Beam search maintains B candidate sequences (the 'beams') and at each step extends each one by the top tokens, keeping only the B overall best-scoring continuations. Compared to greedy decoding it catches situations where a locally low-probability token leads to a globally better sequence — which is why it remained the default for machine translation and summarization for years. For open-ended generation, however, beam search famously produces repetitive, generic text ('neural text degeneration'), so most chat-style LLMs use sampling (top-p / temperature) instead.

Quick reference

Proficiency
Intermediate
Also known as
beam decoding
Prerequisites
Autoregressive generation, Temperature sampling

Frequently asked questions

What is beam search?

Beam search is a heuristic decoding algorithm that keeps the B most-probable partial sequences at each step. It explores multiple continuations in parallel instead of committing to the single best next token, producing a better approximation of the globally most-probable sequence.
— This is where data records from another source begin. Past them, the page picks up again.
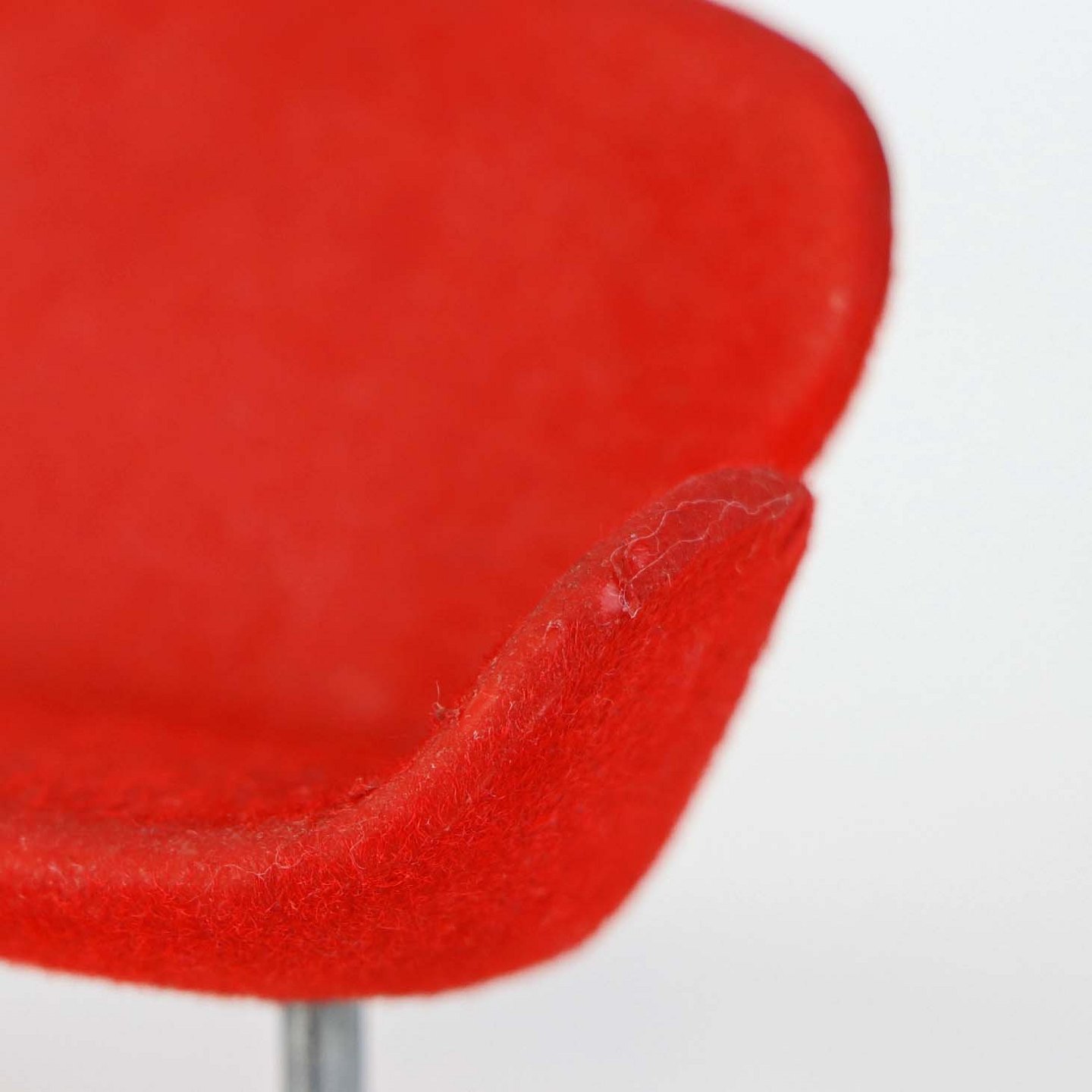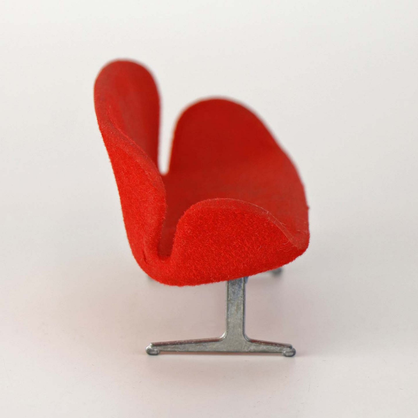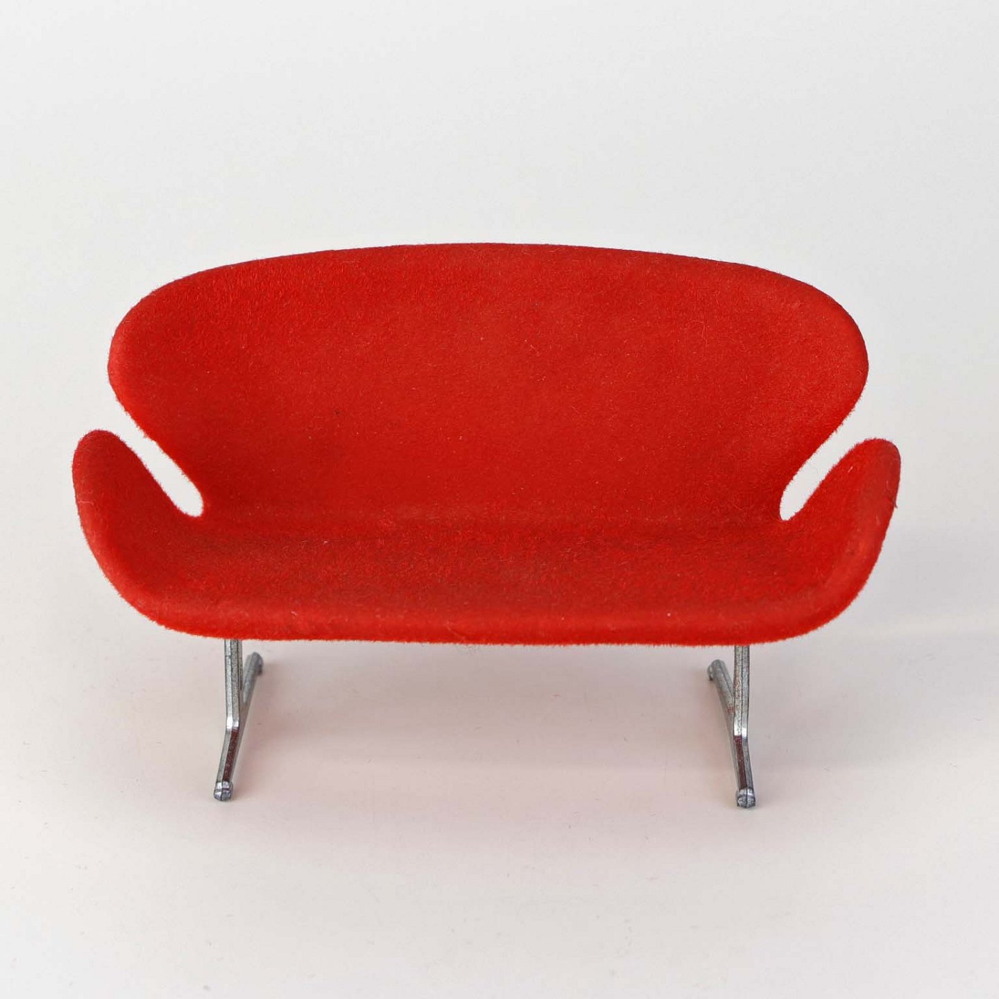 Miniature designermøbel til dukkehus med model af Arne Jacobsen's Svanesofa i rød farve med stel i metal.Design Arne Jacobsen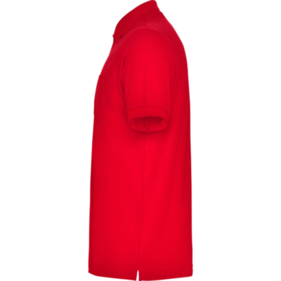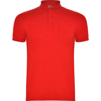 Polo de manga corta con bolsillo, cuello y bocamangas acanalado y tapeta de 3 botones. Cubre costuras reforzado en cuello.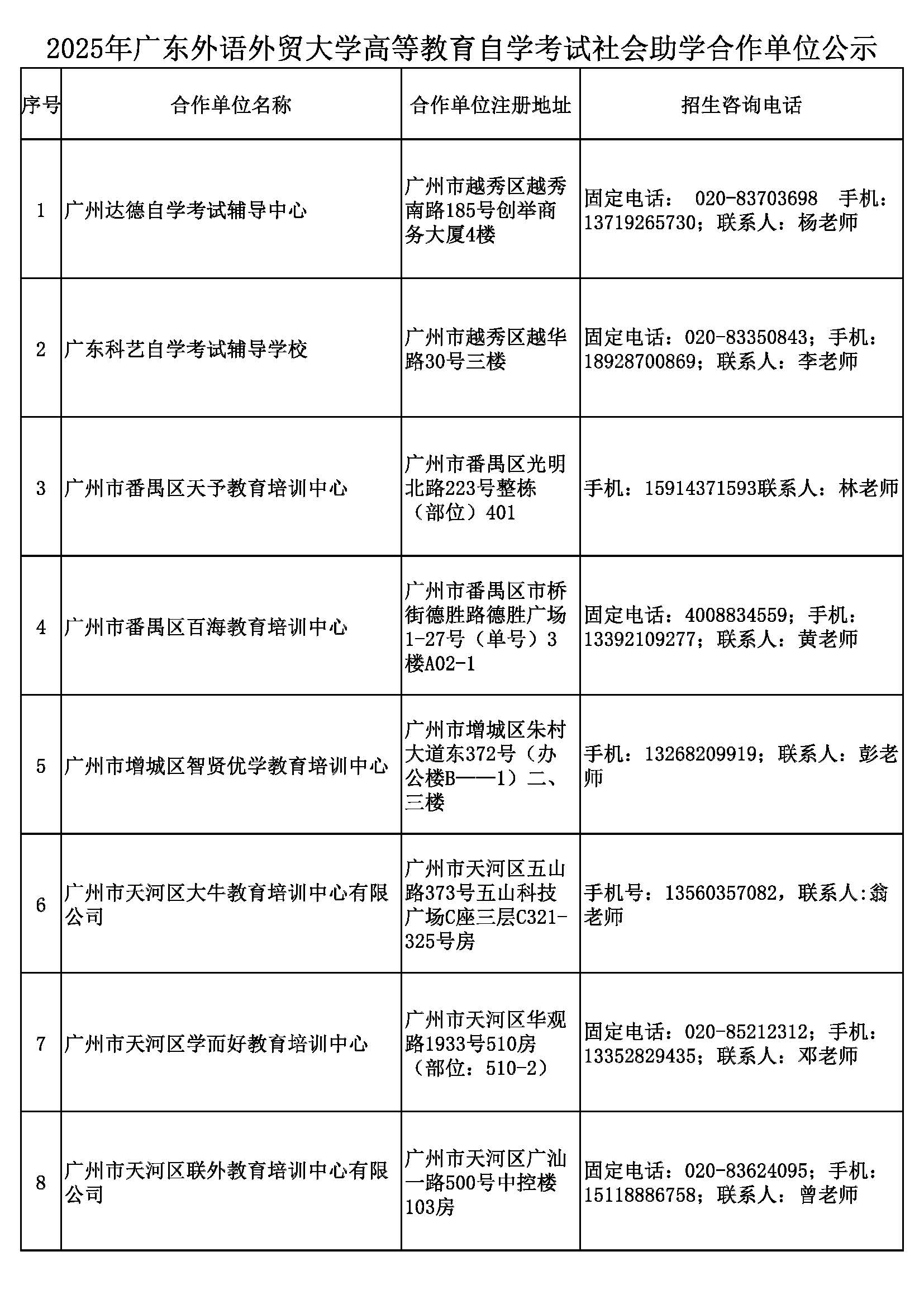 1.广东外语外贸大学2025年高等教育自学考试社会助学合作单位一览表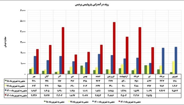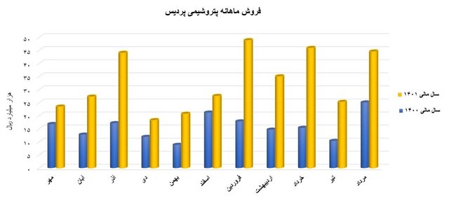 در نمودار زیر روند فروش پتروشیمی پردیس در سال‌های ۹۸ تا ۱۴۰۱ آورده شده است که نشان از تحول اساسی در فروش محصولات دارد.

When is beam search useful?

For tasks with a narrow set of correct answers — machine translation, grammatical error correction, abstractive summarization — where the goal is to find a high-likelihood sequence rather than a diverse one.

Why don't chat models use beam search?

Open-ended generation with beam search produces repetitive, generic text. The argmax-probability sequence tends to be bland and often falls into repetition loops. Sampling methods (top-p, temperature) give more human-like output.

What are diverse beam search and length penalty?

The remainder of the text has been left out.